Se había marchado cuando ella bajó a la mañana siguiente. Había una nota en la mesa de la cocina:
Envía los papeles del divorcio a la atención de Keith Smollett. Puedes buscarte otro abogado. Pediré una división de mitad y mitad, así que no le cojas mucho apego a la casa. Me llevaré las cosas del estudio en cuanto haya encontrado otro alojamiento. Si no quieres verme, no cambies las cerraduras. Dejaré la llave cuando haya recuperado mis cosas.
Sarah la leyó dos veces y la arrojó a la basura.

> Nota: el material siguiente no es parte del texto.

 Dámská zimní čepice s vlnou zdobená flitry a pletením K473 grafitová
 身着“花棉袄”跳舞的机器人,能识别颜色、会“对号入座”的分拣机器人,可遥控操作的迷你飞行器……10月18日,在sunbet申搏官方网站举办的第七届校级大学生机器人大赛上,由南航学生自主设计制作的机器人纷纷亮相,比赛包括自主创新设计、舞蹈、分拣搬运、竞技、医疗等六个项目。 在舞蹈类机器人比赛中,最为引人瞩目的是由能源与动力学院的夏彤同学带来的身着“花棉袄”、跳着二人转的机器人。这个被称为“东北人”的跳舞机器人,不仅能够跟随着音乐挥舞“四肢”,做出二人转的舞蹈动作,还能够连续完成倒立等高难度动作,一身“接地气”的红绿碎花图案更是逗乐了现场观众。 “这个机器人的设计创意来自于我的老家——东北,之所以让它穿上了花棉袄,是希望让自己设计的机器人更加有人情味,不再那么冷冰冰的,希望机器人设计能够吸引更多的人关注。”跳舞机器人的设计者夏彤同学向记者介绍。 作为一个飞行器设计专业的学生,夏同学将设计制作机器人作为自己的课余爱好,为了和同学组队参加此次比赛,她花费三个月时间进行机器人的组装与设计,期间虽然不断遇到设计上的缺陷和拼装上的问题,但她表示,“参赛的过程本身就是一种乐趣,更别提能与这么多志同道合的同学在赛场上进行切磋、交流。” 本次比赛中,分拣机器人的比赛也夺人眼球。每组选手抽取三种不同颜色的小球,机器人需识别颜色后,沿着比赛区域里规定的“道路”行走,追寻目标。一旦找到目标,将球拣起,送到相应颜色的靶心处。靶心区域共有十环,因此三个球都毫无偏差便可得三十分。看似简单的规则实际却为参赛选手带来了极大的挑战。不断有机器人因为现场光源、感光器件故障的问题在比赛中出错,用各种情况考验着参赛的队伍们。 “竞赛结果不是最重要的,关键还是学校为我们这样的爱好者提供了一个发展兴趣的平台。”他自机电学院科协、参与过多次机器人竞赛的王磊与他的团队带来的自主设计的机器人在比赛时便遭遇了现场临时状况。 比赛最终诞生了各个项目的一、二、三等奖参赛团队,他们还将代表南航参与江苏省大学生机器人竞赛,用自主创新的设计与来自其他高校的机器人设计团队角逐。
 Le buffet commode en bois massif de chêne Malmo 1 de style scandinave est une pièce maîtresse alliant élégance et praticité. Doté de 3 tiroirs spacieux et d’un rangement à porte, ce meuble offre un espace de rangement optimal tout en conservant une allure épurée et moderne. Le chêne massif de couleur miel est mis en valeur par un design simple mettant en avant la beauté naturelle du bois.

Jane Marriott, la recepcionista del consultorio de Fontwell, alzó la mirada cuando Sarah abrió la puerta de la sala de espera vacía. Sarah atendía en Fontwell los lunes por la tarde y los viernes por la mañana y, debido a que era más compasiva que sus colegas masculinos, sus sesiones solían ser muy concurridas.
– Hay un par de mensajes para tí, querida -dijo Jane-. Te los he dejado sobre el escritorio.

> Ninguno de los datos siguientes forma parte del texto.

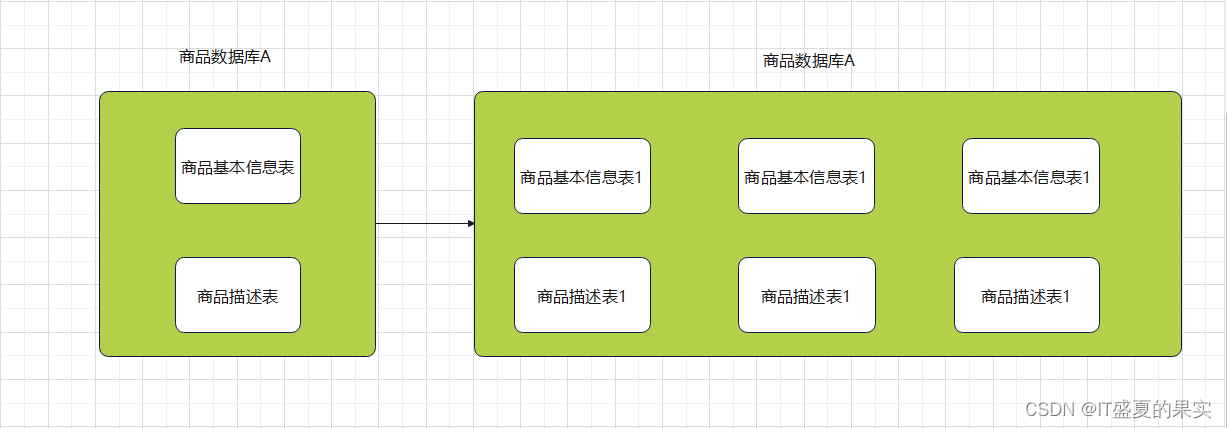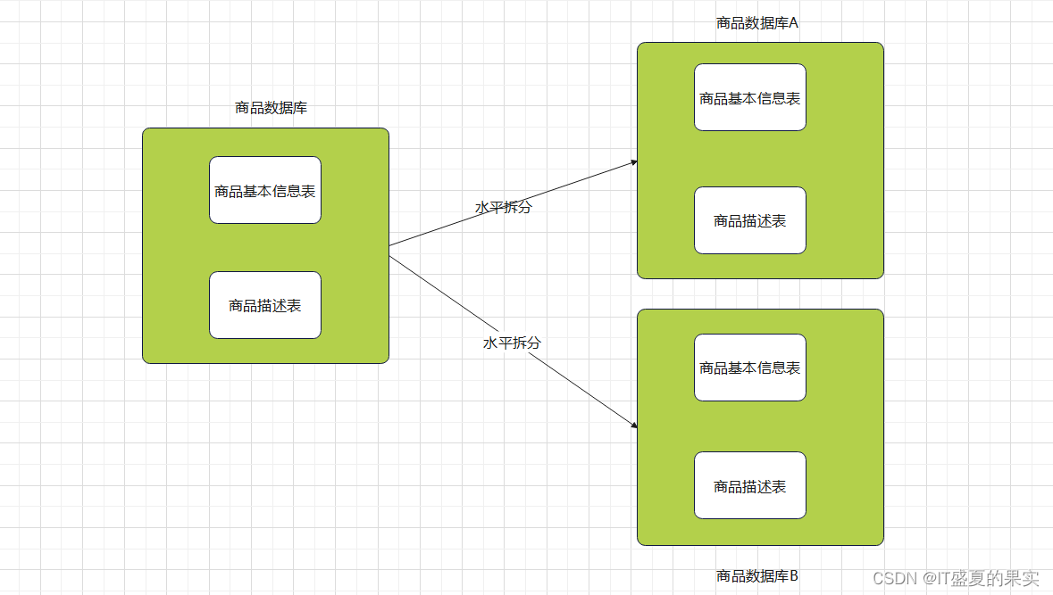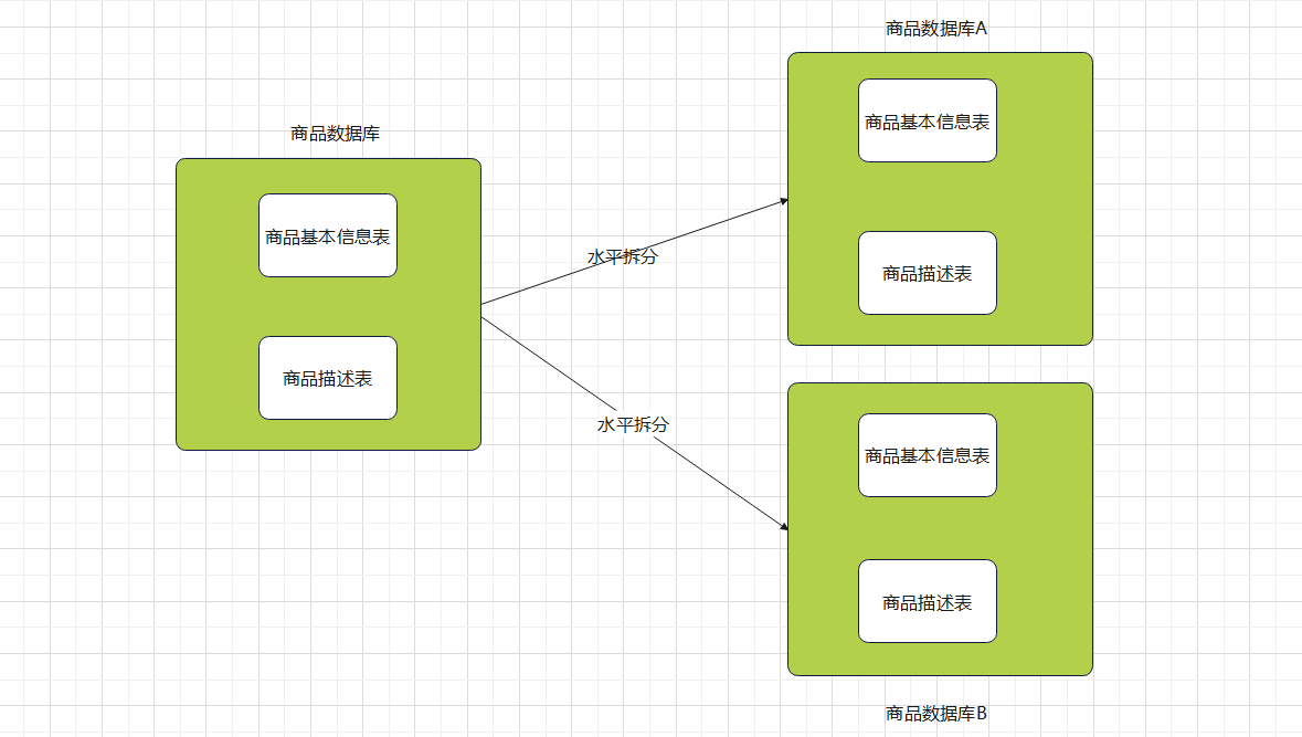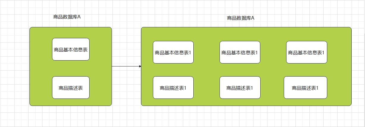 产生场景:就拿刚刚的商品来说,已经经过了水平垂直切分,但是数据量过大的原因依然没有得到妥善的解决。于是可以将我们分好的库拆分成多个相同结构的,如下图所示: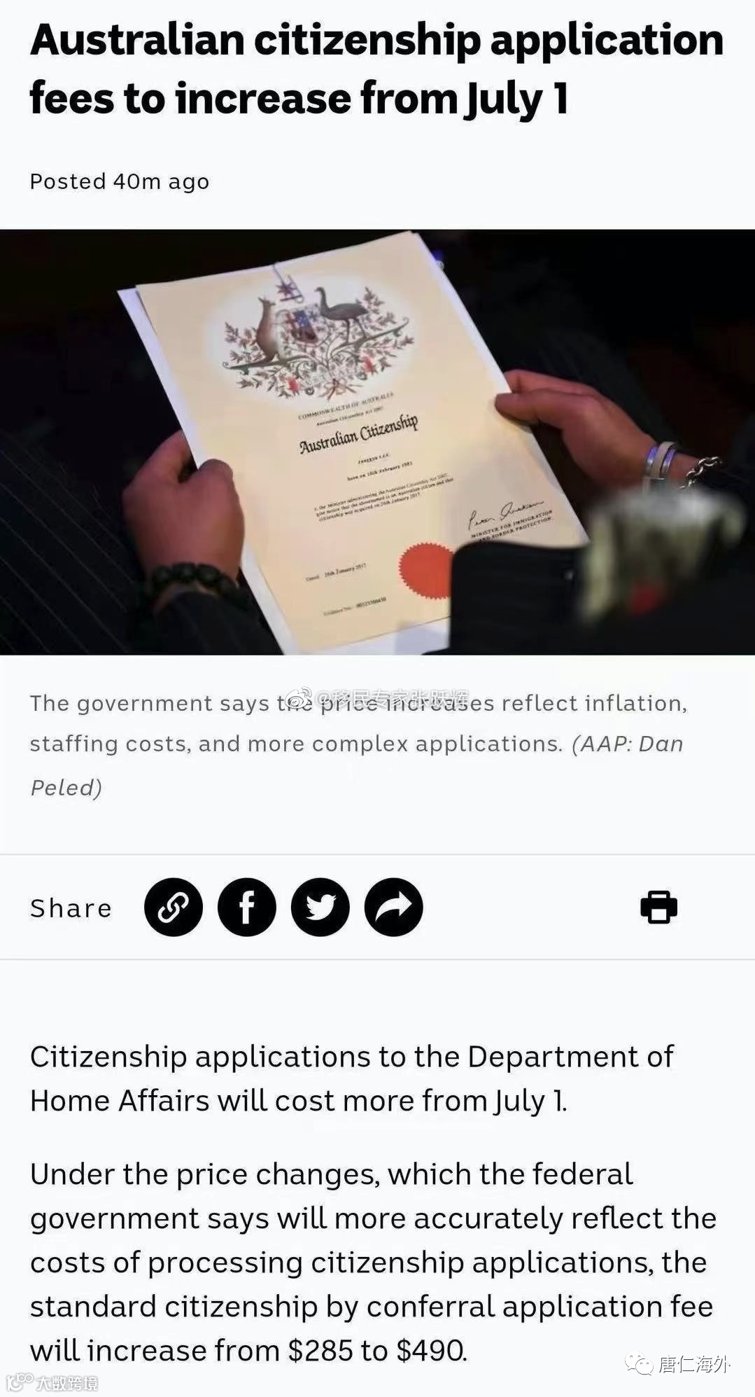 导读:7月1日澳大利亚🇦🇺 新财年起,澳入籍申请费将由285澳元上涨到490澳元,涨幅超过70%

– Gracias. -Se detuvo junto al escritorio-. ¿Quién está primero?
– El señor Drew a las ocho cuarenta y cinco, y luego hay pacientes hasta las once y media. Después de eso, me temo que hay dos visitas a domicilio, pero les he dicho que no te esperen antes del mediodía.
– Vale.
Jane, una maestra retirada de más de sesenta años, contempló a Sarah con preocupación maternal.
– Supongo que hoy tampoco has desayunado.
Sarah sonrió.
– No he desayunado desde que dejé de estudiar.

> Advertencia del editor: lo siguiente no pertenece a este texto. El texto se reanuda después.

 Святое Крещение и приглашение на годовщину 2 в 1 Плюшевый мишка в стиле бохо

– Hm, bueno, estás demacrada. Trabajas demasiado, querida. El trabajo de médico es como cualquier otro. Tienes que aprender a tomártelo con más calma.
Sarah apoyó los codos sobre el escritorio y descansó el mentón sobre las manos.
– Dime una cosa, Jane. Si el paraíso existe, ¿dónde está, exactamente?
Tenía todo el aspecto de una de las niñas de ocho años a las que en otra época Jane había dado clase, desconcertada, un poco vacilante, pero confiada en que la señora Marriott sabría la respuesta.
– ¡Dios mío! Nadie me ha hecho una pregunta así desde que dejé la enseñanza. -Enchufó la cafetera eléctrica y con una cuchara echó café en dos tazas-. Yo siempre les decía a los niños que estaba en los corazones que dejas detrás de tí. Cuantas más personas hubiese que te quisieran, más corazones guardarían tu recuerdo. Era una forma indirecta de alentarlos a que fuesen buenos los unos con los otros. -Rió entre dientes-. Pero yo pensaba que no eras creyente, Sarah. ¿Por qué este repentino interés en la vida ultraterrena?
– Ayer fui al funeral de la señora Gillespie. Fue deprimente. No dejo de preguntarme qué sentido tiene todo.
– Oh, querida. Verdades eternas a las ocho y media de la mañana. -Depositó una taza de humeante café ante Sarah-. El sentido de la vida de Mathilda Gillespie podría no emerger hasta dentro de cinco generaciones. Es parte de un linaje. ¿Quién puede decir lo importante que será ese linaje en los años por venir?